Web of Science Citations: 0
Abstract

Hot embossing is a technique used to fabricate high-precision and high-quality polymeric components that combines low costs with high aspect ratio fidelity replication. In this study, we manufactured two aspherical Fresnel molds employing the single-point diamond turning process on an electrolytic copper workpiece, one with 10 mu m constant height 30 zones and the other with 250 mu m constant width 40 zones. The micromachined mold reproduced PMMA convex-plane lens optical quality replicas through the micro hot embossing technique.

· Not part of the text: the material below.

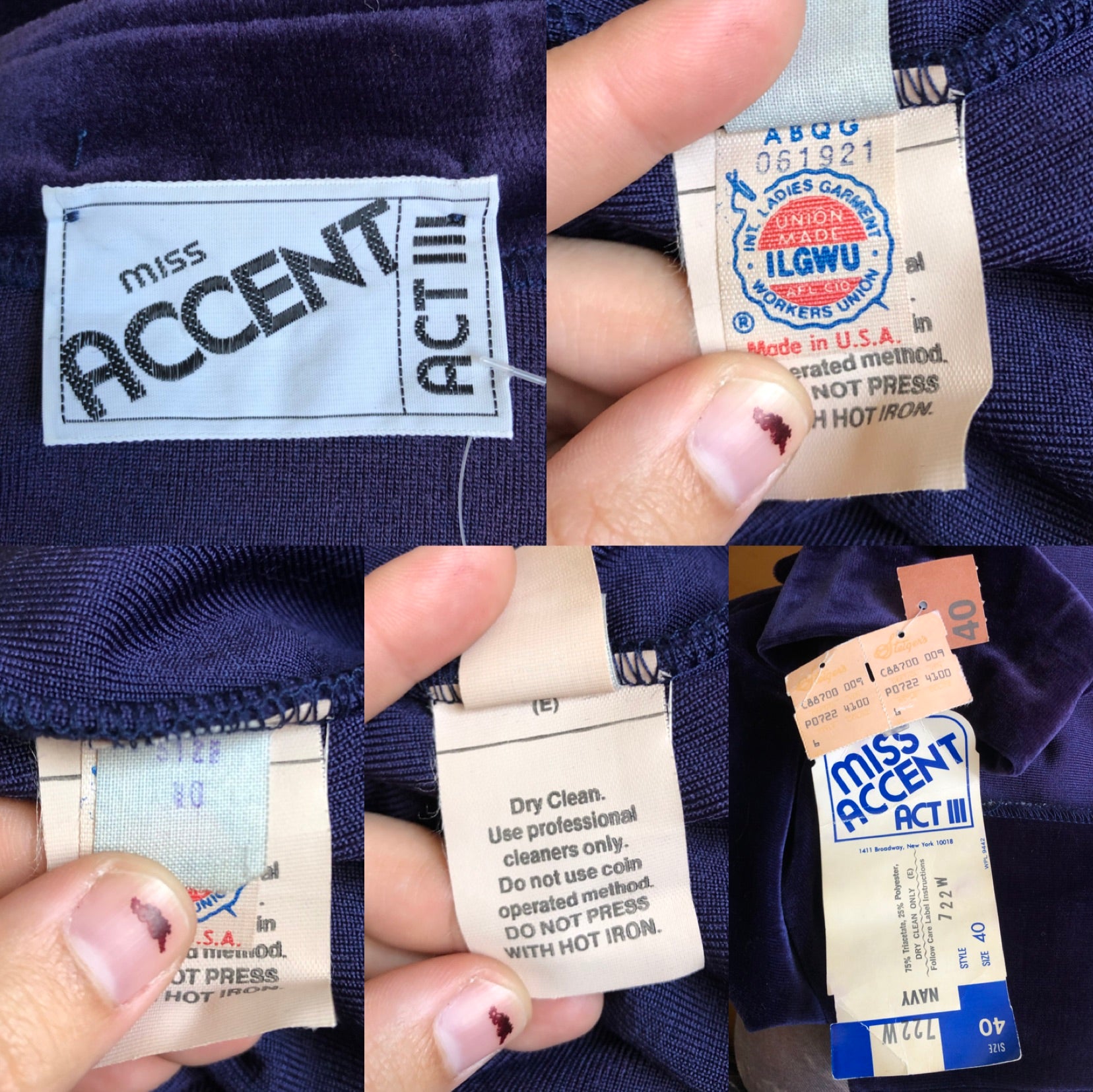 70’s/80’s Miss Accent by Act III Navy Blue Velvet Blazer (L/XL)

We used a scanning electron microscope (SEM), spectrophotometry, and non-contact optical profilometer to evaluate the replication fidelity qualitatively: the lens mold and the fine three-dimensional microstructures on the PMMA substrate surfaces. The results of the surface finish of the diamond machined mold sample are in the range of 4.92 nm (areal average surface roughness Sa) and 6.04 nm (areal root-mean-squared roughness Sq), respectively, and the values for the replicas being 4.73 nm and 5.94 nm, respectively. The results demonstrated that the geometry form accuracy obtained of the microfeatures was at the submicron level with little viscoelastic recovery. The surface roughness in the nanometer level got successfully replicated. (AU)